Computational Methods
All computational analyses were made using in-house python scripts (supplemental_material_scripts). Protein abundances were normalized using median normalization via python script and considered identified if they were found in all five replicates of a digestion method’s samples. Differential expression (DE) criteria for selecting significance was an absolute value of log2-fold change greater than 1 and p value smaller than 0.05. P-value was generated via two-tailed student’s t-test. Hydrophobicity of the proteins and peptides was calculated using LocalCider v0.1.20.16
Hierarchical Clustering Method
For the hierarchical clustering analysis, we performed DE analysis on each digestion preparation method versus each other digestion method. Criteria for selecting significance was absolute value of log2-fold change greater than 1 and p value smaller than 0.05. P-value was generated via two-tailed student’s t-test. The resulting proteins from this DE analysis became our “hit list”, with all proteins that met our criteria then subjected to hierarchical clustering using seaborn in python and mapped using z-score.18
GO Panther Analysis
Cellular components19 and biological functions were determined by Gene Ontology (GO) Panther analysis.19,20 Categories were considered significant if they passed the statistical test performed by the panther algorithm and had an FDR under 0.05. Categories were reported based on FDR value and relevance.
Results and Discussion
For comparative analysis of MS bottom-up proteomics, we evaluated two different cell lysis conditions, four different digestion conditions, and, for one sample set, two different desalting devices. The experiment covered four commonly used digestion protocols (Figure 1). Five replicates then proceeded to their respective digestion and cleanup method as listed in sample preparation methods before peptide concentration was measured. MS analysis was performed by using a Q Exactive hybrid Quadrupole-Orbitrap MS instrument. Raw file was analyzed using Proteome Discoverer 2.5, and all outputs are shown in Table S1.
Figure 1.
Experimental overview and project workflow. (A) Workflow for the experimental procedure. HeLa cells were cultured, and later resuspended in their respective digestion buffer prior to cell lysis, as indicated by sample preparation methods. Two homogenization strategies were selected for the experiment: sonication and BeatBox. Post homogenization, protein concentration for each sample is measured and normalized. Created in BioRender. Chou, T. (2025) https://BioRender.com/s94q110.
For all digestion methods, cells were lysed on ice for sonication, while the BeatBox lysed cells at room temperature. We saw minor differences in the extract protein amount between the two homogenization methods (Figure S1A), but the main difference was observed between which lysis buffer was in use.
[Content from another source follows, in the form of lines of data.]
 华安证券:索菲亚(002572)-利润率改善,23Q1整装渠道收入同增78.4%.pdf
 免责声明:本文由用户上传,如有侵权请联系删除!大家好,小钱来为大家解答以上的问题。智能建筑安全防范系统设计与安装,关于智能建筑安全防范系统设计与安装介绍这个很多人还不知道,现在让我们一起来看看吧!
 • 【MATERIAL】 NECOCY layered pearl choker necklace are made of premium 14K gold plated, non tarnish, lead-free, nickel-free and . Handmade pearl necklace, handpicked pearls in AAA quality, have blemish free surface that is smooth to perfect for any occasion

Our data analysis was broken down into five steps. First, we wanted to compare the overall performance of the four digestion methods by identifying any correlations between digestion methods via principal component analysis (PCA), evaluating the total protein and peptide identifications of each method, the number of missed cleavages, and peptide recovery rate postdigestion. Next, we wanted to see what, if any, unique proteins were identified in each of our methods or homogenization methods and whether those unique IDs were due to the stochastic sampling during the data-dependent acquisition. We then performed a hierarchical cluster analysis on the overlapping differentially extracted proteins across all other digestion methods for each digestion method. Finally, we used GO enrichment analysis tool for a pathway analysis on the subset of proteins of interest.
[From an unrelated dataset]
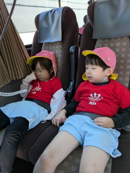帰りのバスでは、心も体もポカポカになった子どもたちの中には、ウトウトと夢の中へ…という姿も^^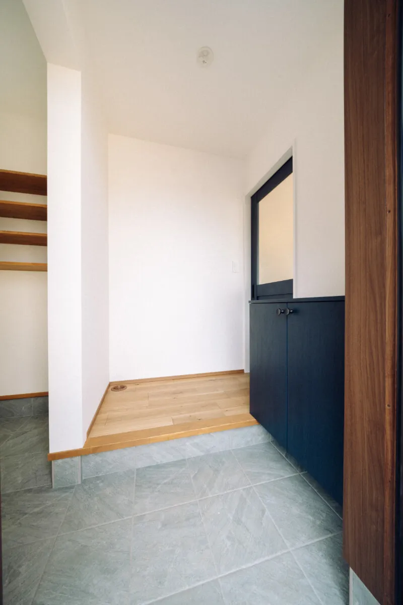 玄関には、限られたスペースの中でも土間収納と収納ラックをしっかり確保し、

Comparison Results from Two Homogenization Strategies
After evaluating the total protein IDs and digestion efficiency, the next important question to ask would be what, if any, differences there would be between the two homogenization strategies we employed (Figure 2 and Tables S2 and S3). First, we generated a volcano plot using the abundances of proteins found in both sonication and BeatBox, in order to compare the log2 fold change after normalization. The abundances of most proteins observed in both sonication and BeatBox samples had little to no significant changes. We found 47 proteins were differentially enriched or depleted, depending on the strategy (Figure 2A). Sonication samples have 16 proteins enriched compared to their abundances in BeatBox samples, while 31 protein abundances were found depleted. With over 4000 protein IDs shared between the two methods, this relatively small difference leads us to believe the two strategies perform equivalently.
Figure 2.
Comparison of homogenization strategies. (A) Volcano plot of log2 abundance values for 4332 proteins shared by sonication and BeatBox methods. (B) Upset plot of unique proteins found only in sonication or BeatBox. (C) Quantile plot of all abundances in sonication samples, with unique proteins colored red. (D) Quantile plot of all abundances in BeatBox samples, with unique proteins colored blue.
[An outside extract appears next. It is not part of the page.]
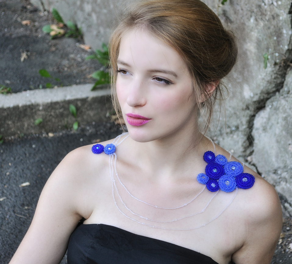 Ein sehr exklusiver Schulterschmuck in royal-blau und aquablauen Rocailles mit böhmischen Kristallen vollendet.

Next, we determined whether any proteins were uniquely identified between the two homogenization strategies. To do this, we created an upset plot containing only proteins identified in all five injections of a digestion method’s samples. In addition to the shared proteins, our results display that, while sonication and BeatBox share more than 92% of their identified proteins, there were a total of 598 proteins that were only found in one of the two methods (Figure 2B). BeatBox samples had a total of 373 unique proteins, while sonication samples had a total of 225. Since both numbers are fairly similar, our methods did not observe a significant difference in protein coverage between the two homogenization strategies.
To determine if these unique proteins were only found in their respective digestion methods due to low abundance and the random nature of stochastic sampling in data-dependent acquisition, the next step in our process was to evaluate the protein abundance level of each list of unique proteins. Each colored dot represents one unique protein ID. The colors correspond to the colors of that method on the upset plot. By graphing the abundance values of all proteins found in each digestion method in a separate color from the unique proteins, we saw that the unique proteins were not all low abundance and therefore not due to being randomly detected in one digestion method. For both sonication (Figure 2C) and BeatBox (Figure 2D), the colored dots were mainly clustered in the center of both graphs, indicating to us that the sampling of these protein IDs were not due to the nature of stochastic sampling.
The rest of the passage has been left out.